During the trial, plaintiff sought to bar and defendant sought to introduce evidence that, in April 1991, approximately five years before the accident, plaintiff had suffered an injury to his lower back. Plaintiff argued that such evidence was not admissible unless defendant presented expert testimony demonstrating that the prior and present injuries were causally related. Defendant contended that expert testimony was not necessary because the injuries were to the same part of the body and continuity existed between the injuries. The trial court allowed defendant to question plaintiff and Dr. See about this prior injury and to introduce evidence relating to the treatment of plaintiff's prior injuries. The trial court also allowed defendant to introduce evidence that plaintiff had previously suffered "neck problems" and had been treated for carpel tunnel syndrome.
After defendant rested, the trial court granted plaintiff's motion for a directed verdict as to defendant's negligence. The court specifically stated, however, that it was not ruling on the questions of causation or injury. The jury returned a verdict in defendant's favor, and the trial court entered judgment on the verdict. In his post-trial motion, plaintiff argued that he should receive a new trial because defendant should not have been permitted to introduce evidence of plaintiff's prior injury without providing expert testimony to demonstrate a causal connection between the past and present injuries. The trial court denied plaintiff's motion, and plaintiff timely appealed.
The appellate court reversed and remanded for a new trial. The court examined recent decisions from other districts of the appellate court and concluded that evidence of prior injuries should not be admitted unless the defendant presents "evidence of causation between prior and present injuries." 306 Ill. App. 3d 689, 695. The court further explained that expert testimony would normally be necessary if the injuries were "complex." 306 Ill. App. 3d at 696. Thereafter, this court granted defendant's petition for leave to appeal (177 Ill. 2d R. 315). We also granted the motions of the Illinois Association of Defense Trial Counsel and the Illinois Trial Lawyers Association to file briefs as amici curiae.

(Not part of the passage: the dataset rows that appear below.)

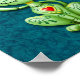 This adorable green kitten design is decorated with swirls and dot patterns. Yellow flower pedals circle the pure black eyes in the tradition of the Day of the Dead sugar skulls. The cat is sitting down, looking forward with its tail waving in the background. The oversized head sits on a tiny body which creates a playful, cartoon like appearance. A five point star sits in the middle of the kitten’s forehead while a bright red and yellow heart appears in the centre of the chest. This cute little cat is a fun and stylish design inspired by the beautiful patterns of Day of the Dead sugar skulls.
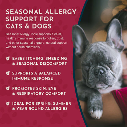 Yes, Seasonal Allergy is safe for daily, long-term use — especially during allergy-prone times of the year. Some pet parents use it year-round in regions with prolonged allergy seasons, while others follow a seasonal approach: starting at the first signs of allergies and continuing until symptoms subside. The gentle, non-sedating herbs in this formula support the immune system and help reduce allergy symptoms without causing stress to the body.
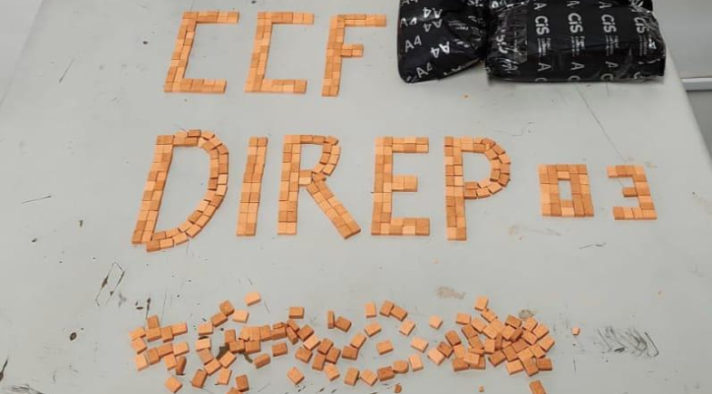A droga, que foi enviada do Rio de Janeiro/RJ, foi encontrada após indicação dos agentes caninos da Receita Federal, Aegon, Bachar, Ithor e Saymon.
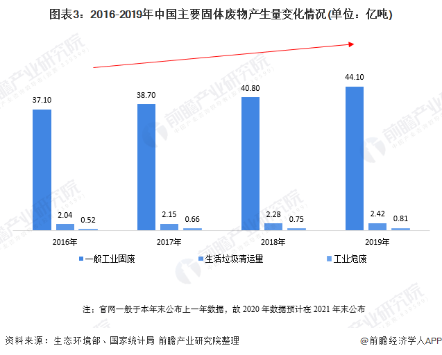 而生活垃圾清運量也從2016年的2.04億噸上升至2019年的2.42億噸。總體來看,全國固體廢物的產(chǎn)生量不斷增加,處置需求也不斷擴大。
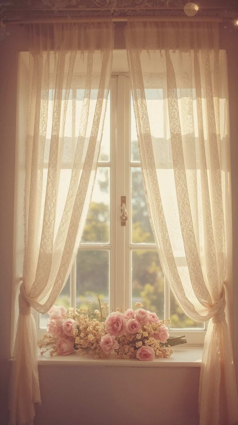 The collection you see here was designed for people who want their phone to feel like a cozy escape — a tiny vintage world filled with pastel light, dreamy textures, and comforting memories. As you look at the wallpapers in this collection, you’ll immediately notice how each one carries a distinctive vintage charm while remaining delicate and modern enough for everyday use. The pastel window scene with lace curtains creates a dreamy, intimate atmosphere, as if you’re standing inside a peaceful cottage during golden hour. The floral frame offers a timeless pastel palette perfect for those who love romantic touches on their phone. The bookshelf introduces warm muted browns and dusty pastels that evoke the feeling of beloved old novels and secret stories.
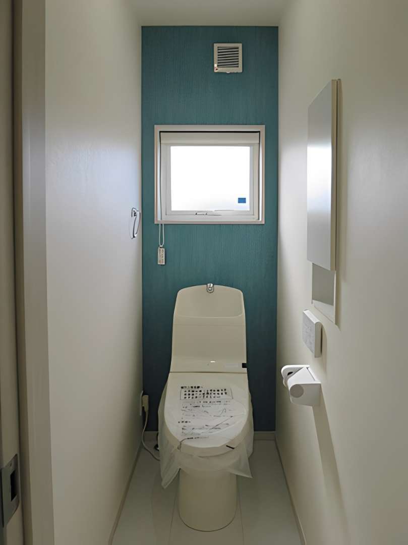 鮮やかなブルーグリーンのアクセントクロスが目を引くトイレです。高い位置に窓を設けることで、外からの視線を遮りプライバシーを守りながらも、しっかりと自然光を取り入れられる設計にしています。
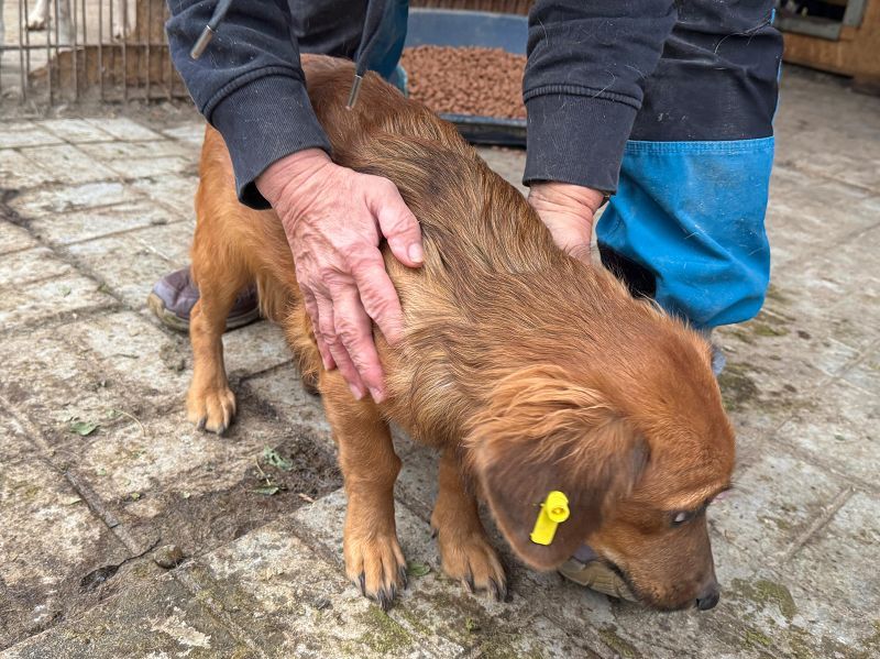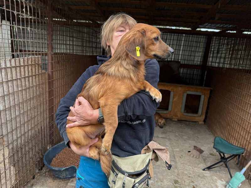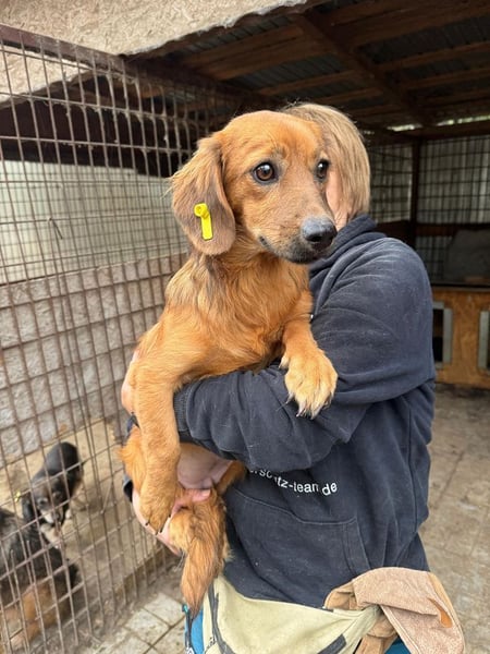 Sarah ist gerade mal 30cm klein und somit auch die kleinste in ihrem Zwinger. Sie hat wunderschönes, rehbraunes und leicht welliges Fell mit etwas hellerer Brust. Momentan zeigt sie sich noch zurückhaltend und etwas unsicher im Umgang mit Menschen und blieb bei unserem Besuch lieber auf Distanz. Dennoch konnten wir die kleine Maus problemlos auf den Arm nehmen und sie hat alles ruhig zugelassen. Wir sind sicher, dass Sarah mit Ruhe, Geduld und einem stabilen Umfeld schnell Vertrauen fassen wir und sich Schritt für Schritt öffnen wird.
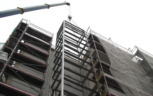 Durch das Vorstellen von Schachtgerüsten für Außenaufzüge lassen sich wirtschaftlich auch hohe Häuser mit Aufzugsanlagen nachrüsten. Eignen tut sich diese Anbauart aber auch für kleine Wohneinheiten, da die Schachtgerüste einfach auf eine Fundamentgrube gestellt und am Gebäude befestigt werden.
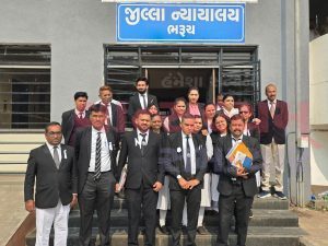 भरूच डिस्ट्रिक्ट लॉयर्स बार एसोसिएशन ने भरूच डिस्ट्रिक्ट कोर्ट के एडिशनल डिस्ट्रिक्ट जज एच.एस. गांधी पर वकीलों को परेशान करने के आरोपों के खिलाफ गांधी निशान के नीचे हड़ताल का ऐलान किया है। बार एसोसिएशन के फैसले के मुताबिक, जब तक हाई कोर्ट सही कार्रवाई नहीं करता, वकील हर दिन एक घंटे के लिए संबंधित जज की कोर्ट के बाहर हड़ताल करेंगे।
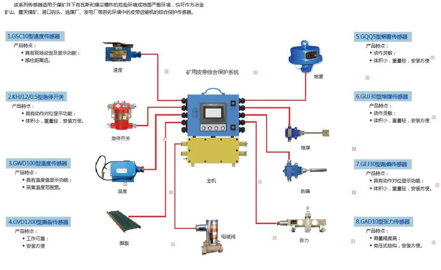 該系列傳感器適用于煤礦井下有瓦斯和煤塵危險(xiǎn)環(huán)境或地面嚴(yán)酷環(huán)境,也可作為冶金礦山、露天煤礦、港口碼頭、選煤廠、發(fā)電廠等惡劣環(huán)境中的皮帶運(yùn)輸機(jī)的綜合保護(hù)傳感器。
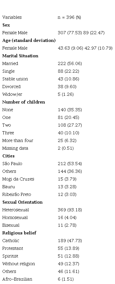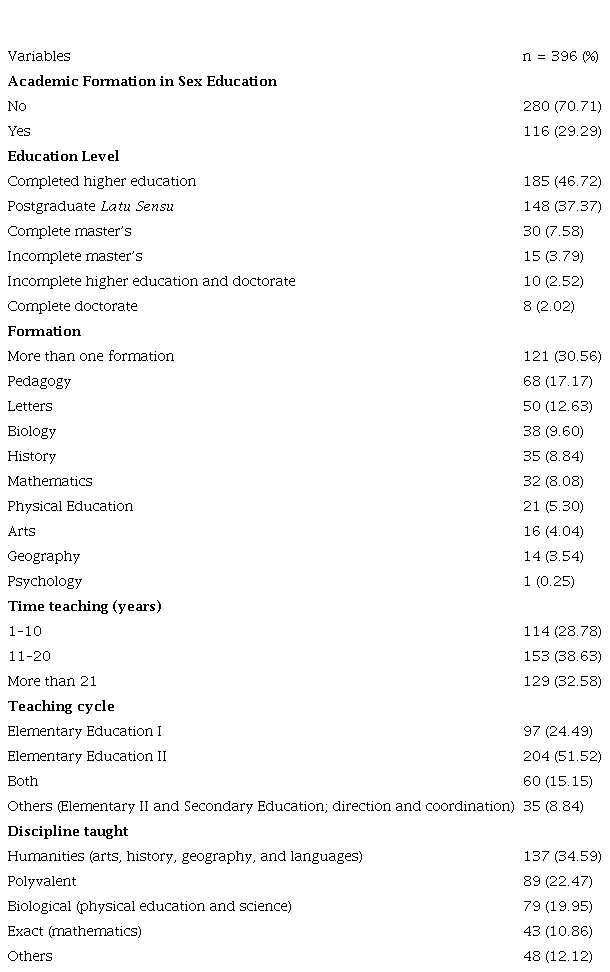 A total of 417 respondents participated in the data collection; however, 21 were excluded because they were high school teachers; thus, 396 participants were included. Table 1 outlines the sample’s sociodemographic variables.
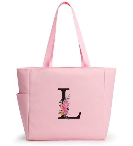 KALIDI Personlig tygväska med dragkedja, A-Z initial alfabet monogram stor tygväska present till kvinnor brudtärna mamma lärare vän bröllop daglig shopping, Rosa-l, Large
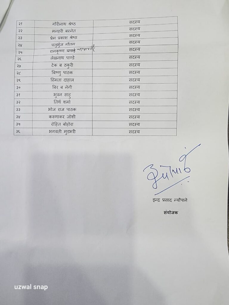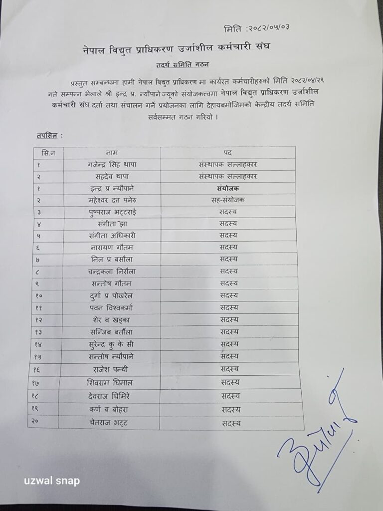 विद्युत प्राधिकरणमा कार्यरत कर्मचारीहरुको साउन २९ गते बसेको भेलाले इन्द्र प्रसाद न्यौपानेको संयोजकत्वमा नेपाल विद्युत प्राधिकरण ऊर्जाशील कर्मचारी संघ दर्ता तथा सञ्चालन गर्ने प्रयोजनका लागि सर्वसम्मतले ३६ जनाको कमिटी बनेको छ । जसमा दुई जना थप संस्थापक सल्लाहकार समिति छ ।

History of the Same Part of the Body Rule
The "same part of the body rule," a doctrine developed in the appellate court, permits a defendant to introduce evidence that the plaintiff has previously suffered injuries similar to those at issue. Brown v. Baker, 284 Ill. App. 3d 401, 404 (1996). Under the same part of the body rule, evidence of a prior injury is admissible without any showing that it is causally related to the present injury as long as both the past and present injuries affected the same part of the body. Brown, 284 Ill. App. 3d at 404. If the injury is not to the same part of the body, the defendant must demonstrate a causal connection between the current injury and the prior injury. Bailey v. Wilson, 299 Ill. App. 3d 297, 303 (1998); see also Elliott v. Koch, 200 Ill. App. 3d 1, 14 (1990).
Although this court has never addressed the applicability of the same part of the body rule, the appellate court universally applied the rule until 1996. At that time, the Appellate Court, Fifth District, reconsidered the rule. The court noted that, under the rule as it was currently being applied, a childhood knee injury could arguably be admissible in an action involving a later knee injury, "without any further showing of relevance or causation, even if the prior injury had completely healed and been symptom free for decades." Brown, 284 Ill. App. 3d at 404-05. The court concluded that such a rule of evidence invited the jury to speculate on the nexus between the prior and current injuries. Brown, 284 Ill. App. 3d at 405. The court concluded that, if the prior injury has "long since healed and has shown no recurring symptoms, a defendant should not be permitted to introduce evidence of the prior injury without establishing causation." Brown, 284 Ill. App. 3d at 405.
Subsequently, the First District relied upon Brown and concluded that, "absent competent and relevant evidence of a causal connection between the pre-existing condition and the injury complained of, evidence of the pre-existing condition is inadmissible." Cancio v. White, 297 Ill. App. 3d 422, 430 (1998); see also Lagestee v. Days Inn Management Co., 303 Ill. App. 3d 935, 946-47 (1999) (holding that "the defendant is required to present medical or other competent evidence of a causal or relevancy connection between plaintiff's prior injury, prior accident, or pre-existing condition and the injury at issue as a prerequisite of admissibility").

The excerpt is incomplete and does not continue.